Thousands of them. They piled and whipped and tangled like a bed of breeding snakes. Wet slurping and rubbery slaps punctuated the hellish visions of their brood. It was a mass as high as a man and thrice as wide, like a ball of ropes all knotting and probing and twitching with slime-skinned death.
So, she ran. She did not stop until she reached the river drains, and sunlight renewed on Launder’s Rock. From that small crag, she could see Englemoor laid out, and like a weird colossus she stood motionless in the sun surveying her past. Death stalked them all.
Would she remain, and be their hated savior and herald of doom, or take to the road’s foot and become a wraith of the wild? Though her look was a terror to behold, and her mind a black pit of confusion and determination, she was not evil, and the decision came to her easily. There was no leaving. Englemoor was the target of some dark spell, and spells make nauseous the hill folk.
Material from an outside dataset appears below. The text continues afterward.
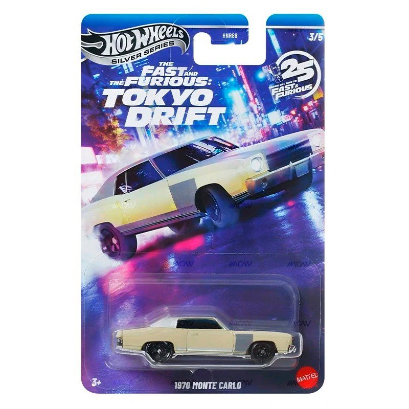 This 1:64 scale Hot Wheels model reproduces the 1970 Chevrolet Monte Carlo that appears in the opening scene of Fast & Furious: Tokyo Drift, Driven by Sean Boswell in his first street race. An iconic car from the movies, with classic muscle car styling and details that respect the original design from the film.

She stooped in her hellish hood, leaned the axe, and washed the filth from her fists. The sun climbed, and on golden skin those warm rays renewed her.
“They’ll not listen to a murderer,” she mumbled, tightening her ragged wraps, and rubbing one sore shoulder. She looked long at that hooded face in the water. “The Headsman will draw them out, and we’ll crush these poisonous demons together.
“Fight alongside your accusers?” some new voice echoed in her mind.
“At least expose the threat,” she returned. “Then it’s to the road. I’ve enough of towns and tunnels.”
She stood, tall with new purpose. Hers was an exquisite form of ferocity, like an avatar of ancient bloodlines in the Age of Titans. She rested one hand on her chest, a rare and feminine gesture. She was still a woman after all. Some wisp of an old dream danced at the edge of her shadowy mind, but she could not place it. Her softer side was truly dead.